A obra destaca que a grandeza de Carlos Magno residiu em sua percepção de que um império vasto e heterogêneo não poderia ser mantido apenas pela espada. Minois dedica capítulos fundamentais ao chamado "Renascimento Carolíngio", demonstrando como o imperador transformou sua corte em Aachen em um centro irradiador de cultura, atraindo sábios como Alcuíno de York. A imposição de uma reforma educacional e a padronização da escrita (a minúscula carolíngia) não foram meros caprichos intelectuais, mas ferramentas essenciais para a eficácia burocrática e a coesão de um território que se estendia dos Pirineus ao Elba. O historiador apresenta um soberano que, embora analfabeto na prática da escrita, possuía uma visão sistêmica da importância do saber para o exercício do poder.

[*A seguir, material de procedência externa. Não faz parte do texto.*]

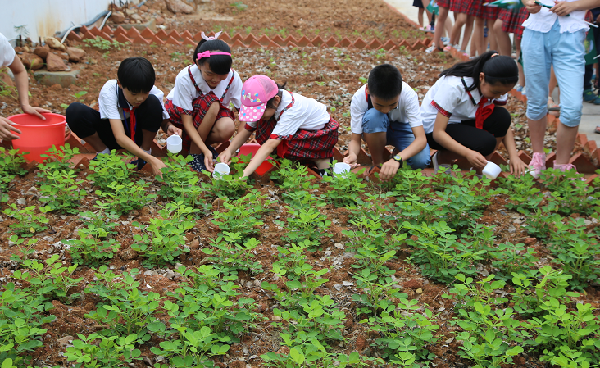 为了让同学们更好的践行绿色环保、把垃圾变废为宝,老师将他们带到环保科普示范园地,教他们利用堆肥土种植蔬菜,利用环保酵素稀释的水浇灌。丰富的课外活动,不仅让同学们亲身体验践行绿色环保的乐趣,同时也让他们学会了垃圾分类的方法。

Minois não evita os aspectos sombrios da biografia carolíngia, abordando com rigor a brutalidade das guerras contra os saxões e a utilização da conversão forçada como instrumento de pacificação política. O autor analisa a complexa relação entre o Trono e o Altar, expondo como Carlos Magno instrumentalizou a Igreja para estruturar seu governo, ao mesmo tempo, em que se via como o guardião da fé e da moralidade de seus súditos. A narrativa biográfica é enriquecida por uma análise das tensões familiares e sucessórias, revelando a fragilidade de um sistema que dependia excessivamente do carisma e da autoridade pessoal do monarca para não se fragmentar.
Ao final, Georges Minois oferece uma reflexão profunda sobre o legado de Carlos Magno para a identidade europeia. Ele demonstra que, ao unificar administrativa e culturalmente o coração do continente, o imperador lançou as bases para o que seria o sistema feudal e as futuras monarquias nacionais. A obra é um convite a compreender a Idade Média não como uma "longa noite de trevas", mas como um período de intensa reconstrução e criatividade política, onde a figura de Carlos Magno emerge como o elo decisivo entre a Antiguidade Clássica e a modernidade ocidental.